My favorite curmudgeon Fred Reed isn't a big fan (to say the least) of what Christmas has become here in America:
I’m going to kill Santa Clause—cart him to the guillotine in a tumbrel, and then carry his head through town on a pike. I mean it. That damned red-nosed reindeer will be sausage. Why is his nose red? Because he’s a drunk. His real name is O’Toole. He emigrated to the North Pole under a forged visa.
I can’t stand it. The entire United States has become on vast elevator, with lame carols raining down like a musical sewage-outflow. Barely musical. There’s no escape. Ringdingchingading, Dingdingchingaring, Santa Clause is coming to…a bad end, if I catch the rascal. I’ll hang him on fish hooks.
Why do we put up with this saccharine compulsory gaiety? I’m dreeeem-ing of a …aaagh! It would drive shellfish to wear ear plugs. But we don’t just tolerate commercial leminghood. We congratulate ourselves on it. News reports tell us excitedly how sales compare with last year’s. Television clips show people pawing at bins in low-end slop chutes, dropping half on the floor.
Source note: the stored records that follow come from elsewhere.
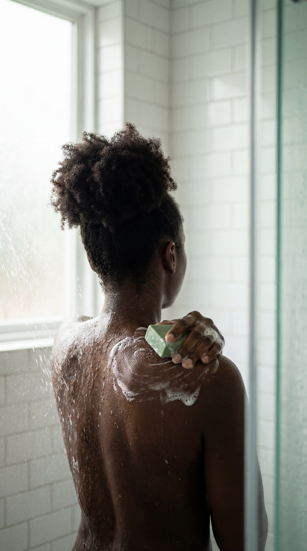 "As someone who struggles with anxiety, my shower is the one place I can actually breathe. The Radiance Butter and Calm soap together feel like a hug for my nervous system. I've never used products that made me feel this safe in my own body."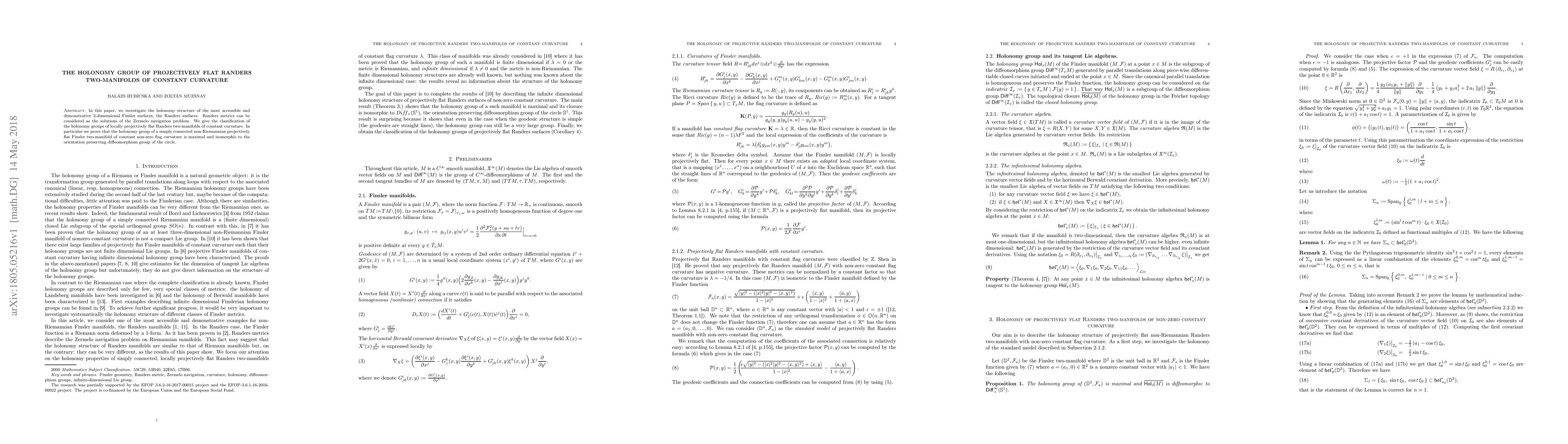 Summary: This paper classifies the holonomy groups of locally projectively flat Randers two-manifolds with constant curvature, showing that for simply connected, non-Riemannian projectively flat surfaces, the holonomy group is maximal and isomorphic to the orientation-preserving diffeomorphism group of the circle.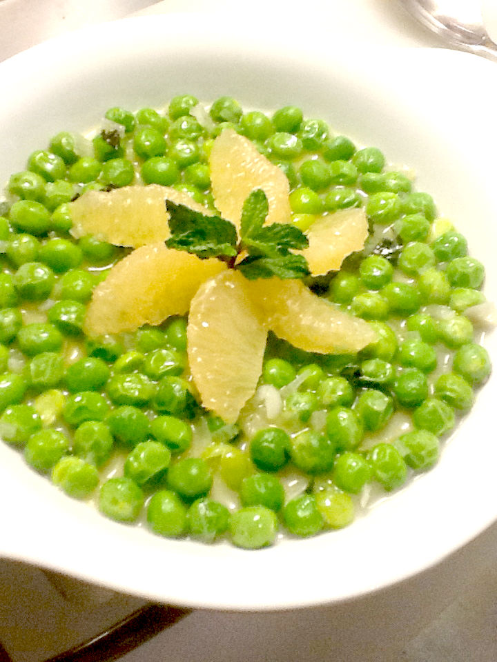 ← Petits pois « caviar vert » et pamplemousse rose à la menthe fraîche (recette d’Alain Passard)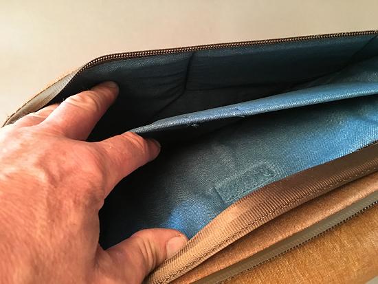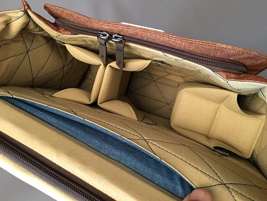 Vnitřek je velmi flexibilní. Zezadu je prostor pro notebook nebo tablet – přičemž brašna je dost velká na to, aby počítač nebyl vidět a nebudil tedy pozornost. Ostatně – i to je jedna z velkých předností brašny, že nevypadá jako brašna na fotoaparáty. Je to prostě – mesenžerská taška. Za zmínku stojí i přepážky. Ty jsou připevněny k vnitřku suchými zipy, a jsou skládací – tedy jejich výška je měnitelná. To je velká výhoda pro použití např. fotoaparátu s nasazeným teleobjektivem.

I want to strangle something. Bring me a duck.
All that tiresome yodeling about things that most people wouldn’t recognize if they tripped over one. Half the public couldn’t tell a reindeer from a hat rack. A one-horse open sleigh? Probably nobody alive has ever seen a sleigh, or, many of them, a horse. It’s ersatz nostalgia for a world we never knew. Buy something.